The Environmental Protection Agency has been weighing several regulatory options for dealing with coal ash, the toxic remnants left behind in the process of burning coal in our nation’s power plants. The new regulations have been delayed for months now, and there’s a good deal of concern that the agency may bow to pressure from industry groups to set a weaker standard. But if House Republicans get their way, the EPA won’t set new rules for coal ash disposal at all.
Among the many anti-environmental provisions in the spending bill that the House passed early Saturday morning was a provision blocking the EPA from finalizing a coal ash rule, sponsored by Reps. David McKinley (R-W.Va.) and Cliff Stearns (R-Fla.). As the Center for Public Integrity reports, both lawmakers have been heavily backed by utilities.
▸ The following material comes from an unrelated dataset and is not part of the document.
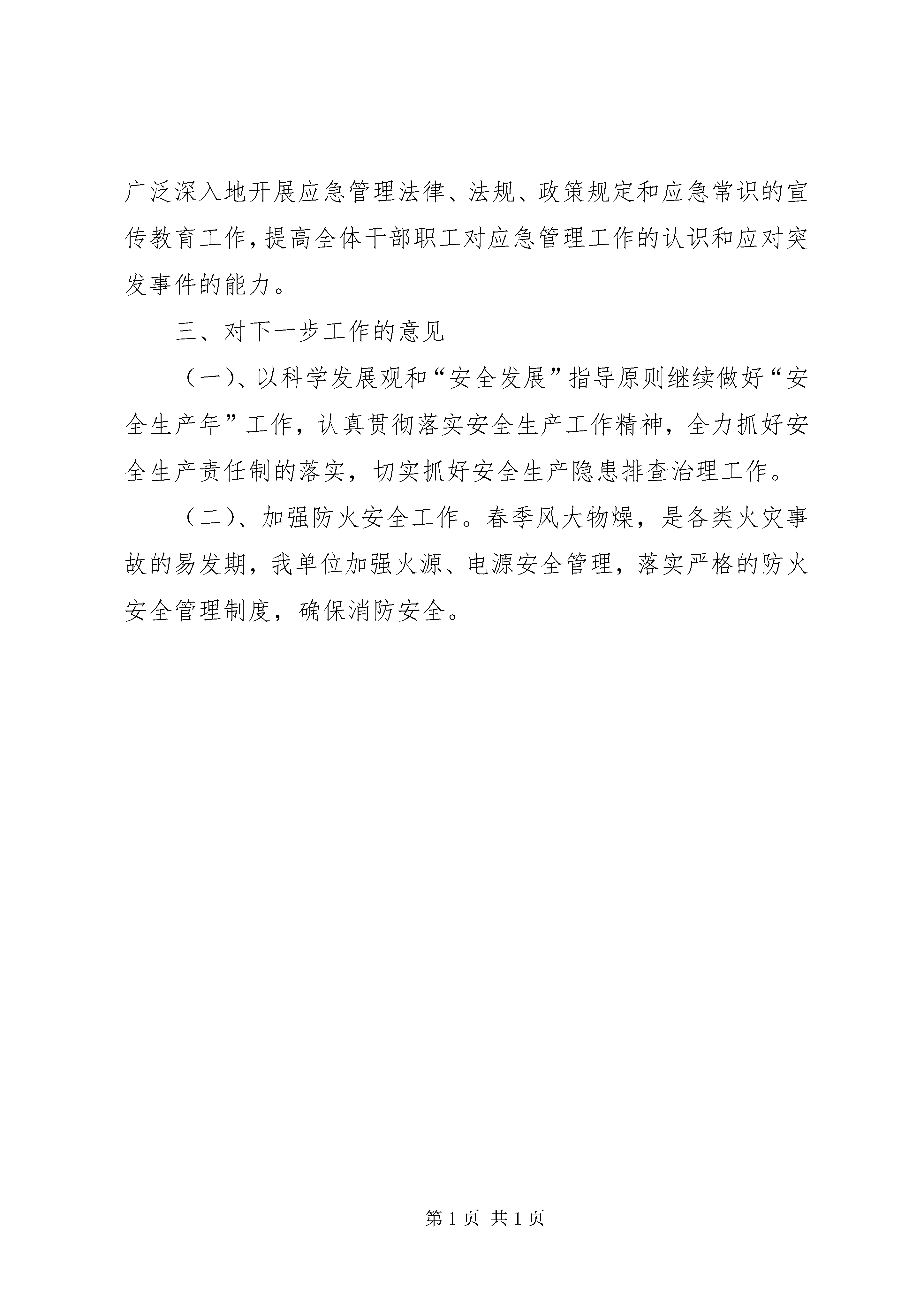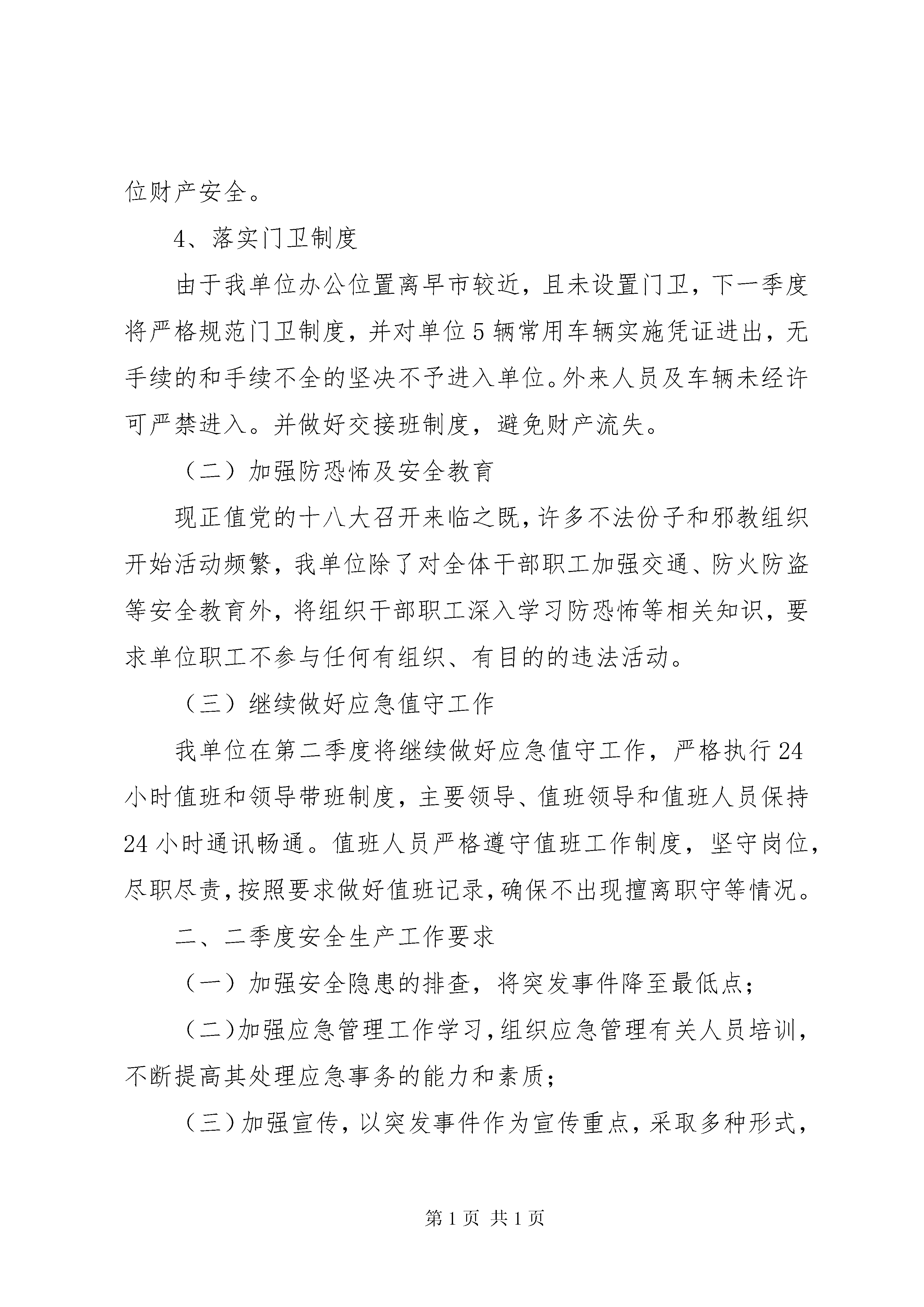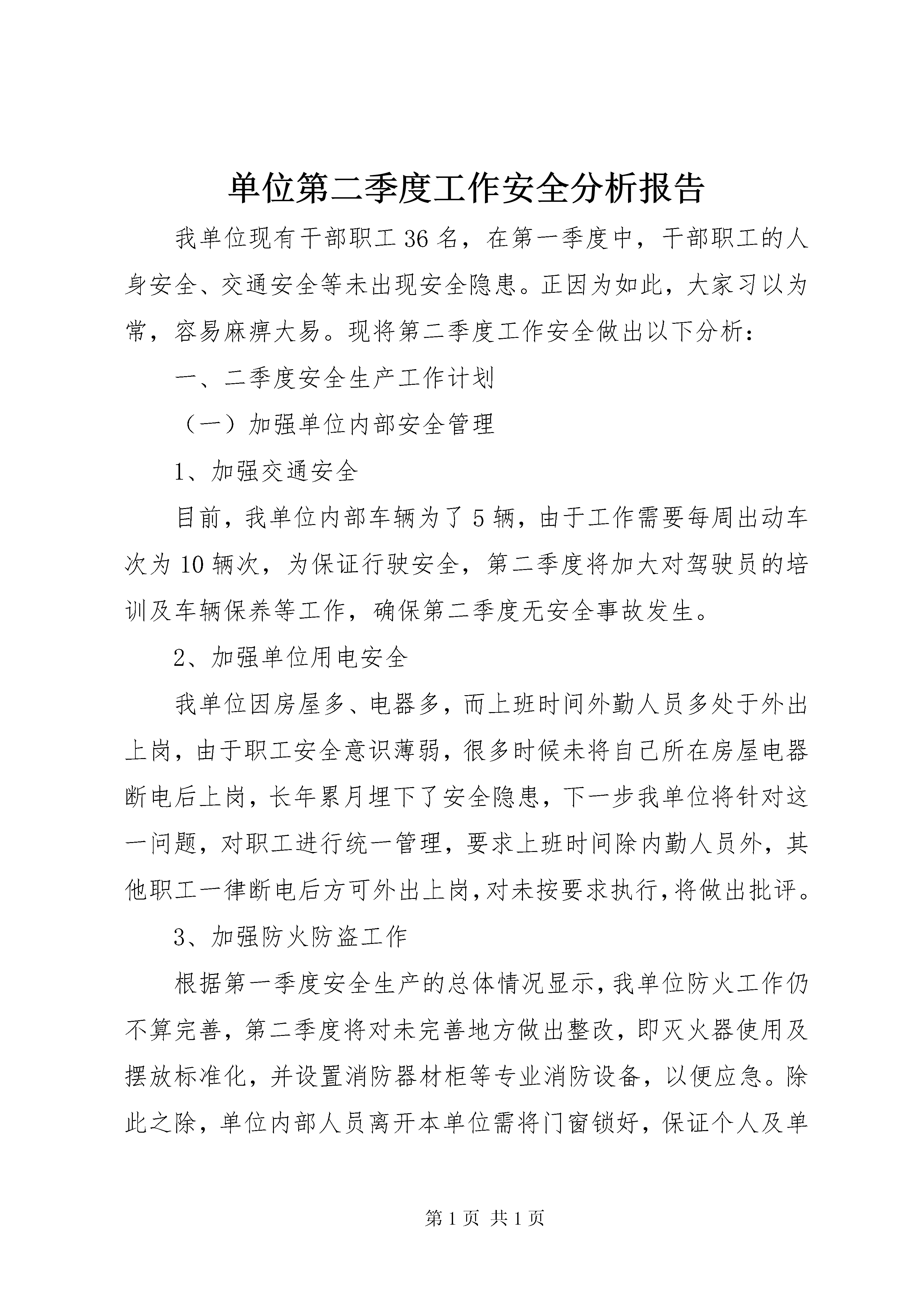 单位第二季度工作安全分析报告我单位现有干部职工36名,在第一季度中,干部职工的人身安全、交通安全等未出现安全隐患。正因为如此,大家习以为常,容易麻痹大易。现将第二季度工作安全做出以下分析:一、二季度安全生产工作计划(一)加强单位内部安全管理1、加强交通安全目前,我单位内部车辆为了5辆,由于工作需要每周出动车次为10辆次,为保证行驶安全,第二季度将加大对驾驶员的培训及车辆保养等工作,确保第二季度无安全事故发生。2、加强单位用电安全我单位因房屋多、电器多,而上班时间外勤人员多处于外出上岗,由于职工安全意识薄弱,很多时候未将自己所在房屋电器断电后上岗,长年累月埋下了安全隐患,下一步我单位将针对这一问题,对职工进行统一管理,要求上班时间除内勤人员外,其他职工一律断电后方可外出上岗,对未按要求执行,将做出批评。3、加强防火防盗工作根据第一季度安全生产的总体情况显示,我单位防火工作仍不算完善,第二季度将对未完善地方做出整改,即灭火器使用及摆放标准化,并设置消防器材柜等专业消防设备,以便应急。除此之除,单位内部人员离开本单位需将门窗锁好,保证个人及单位财产安全。4、落实门卫制度由于我单位办公位置离早市较近,且未设置门卫,下一季度将严格规范门卫制度,并对单位5辆常用车辆实施凭证进出,无手续的和手续不全的坚决不予进入单位。外来人员及车辆未经许可严禁进入。并做好交接班制度,避免财产流失。(二)加强防恐怖及安全教育现正值党的十八大召开来临之既,许多不法份子和邪教组织开始活动频繁,我单位除了对全体干部职工加强交通、防火防盗等安全教育外,将组织干部职工深入学习防恐怖等相关知识,要求单位职工不参与任何有组织、有目的的违法活动。(三)继续做好应急值守工作我单位在第二季度将继续做好应急值守工作,严格执行24小时值班和领导带班制度,主要领导、值班领导和值班人员保持24小时通讯畅通。值班人员严格遵守值班工作制度,坚守岗位,尽职尽责,按照要求做好值班记录,确保不出现擅离职守等情况。二、二季度安全生产工作要求(一)加强安全隐患的排查,将突发事件降至最低点;(二)加强应急管理工作学习,组织应急管理有关人员培训,不断提高其处理应急事务的能力和素质;(三)加强宣传,以突发事件作为宣传重点,采取多种形式,广泛深入地开展应急管理法律、法规、政策规定和应急常识的宣传教育工作,提高全体干部职工对应急管理工作的认识和应对突发事件的能力。三、对下一步工作的意见(一)、以科学发展观和“安全发展”指导原则继续做好“安全生产年”工作,认真贯彻落实安全生产工作精神,全力抓好安全生产责任制的落实,切实抓好安全生产隐患排查治理工作。(二)、加强防火安全工作。春季风大物燥,是各类火灾事故的易发期,我单位加强火源、电源安全管理,落实严格的防火安全管理制度,确保消防安全。
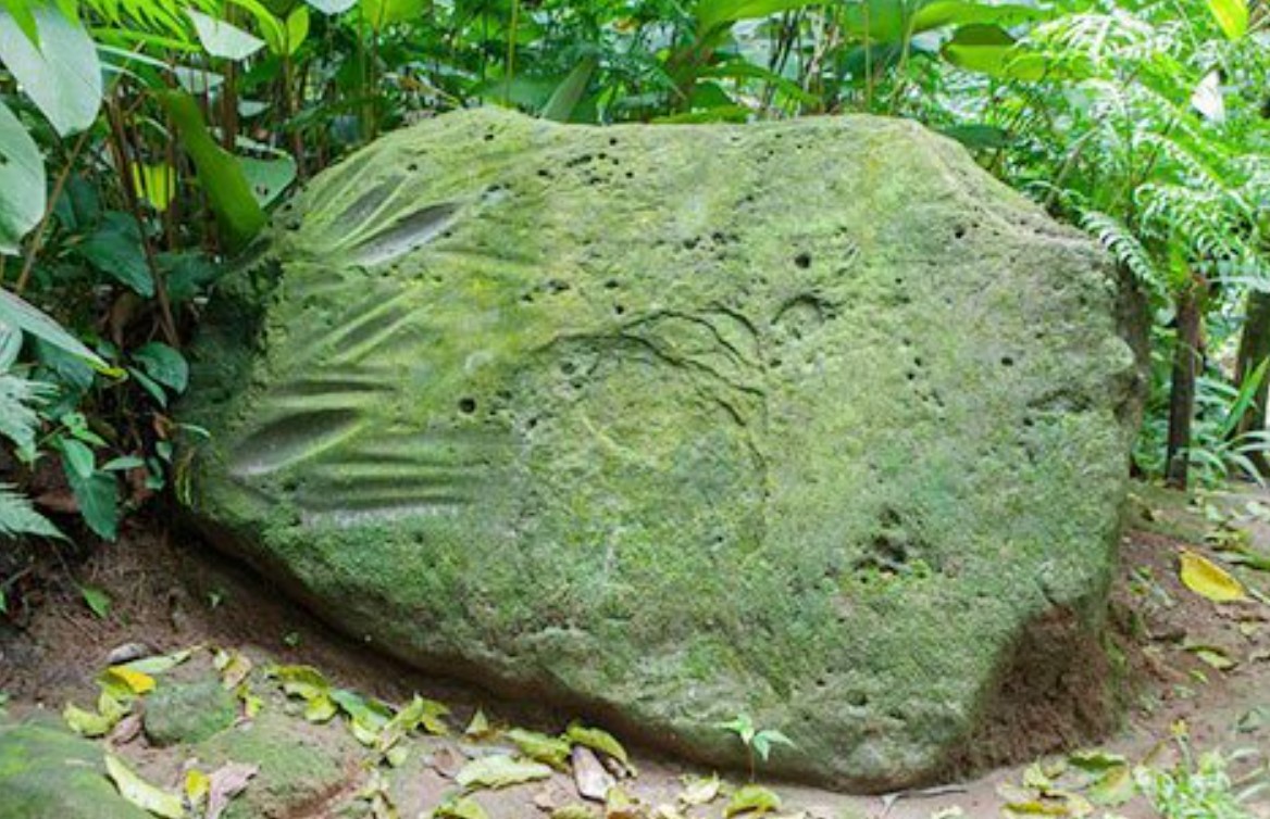 Tảng đá cổ phủ đầy rêu xanh có dấu tích chữ viết của người cổ đại Olmec.

The EPA was already under a great deal of pressure to issue a weak rule on coal ash, the stuff captured by scrubbers because we have deemed it too hazardous to emit into the air. The agency proposed a tough rule in October 2009 that would have designated the waste as toxic, but when the rule emerged from the White House Office of Management and Budget last May a much weaker option was also on the table. The administration has faced a good deal of pressure from utilities and the coal-ash recycling industry to adopt the weaker option in setting a final rule.
Right now, utilities are allowed to dump the ash into vast open pits. The EPA signaled its plans to regulate the waste in December 2008, after an earthen dike containing 1.1 billion gallons of the sludge ruptured at the Tennessee Valley Authority’s Kingston Fossil Plant in Harriman, Tennessee. But if House Republicans get their way, nothing will change—leaving a number of communities around the country in harm’s way. The Environmental Integrity Project has identified 137 sites where toxic materials from coal ash have leached into the groundwater, and the EPA has labeled 49 dump sites “high hazard.”
The House-passed continuing resolution would also bar the EPA from regulating greenhouse gas emissions and slash the agency’s budget by a third.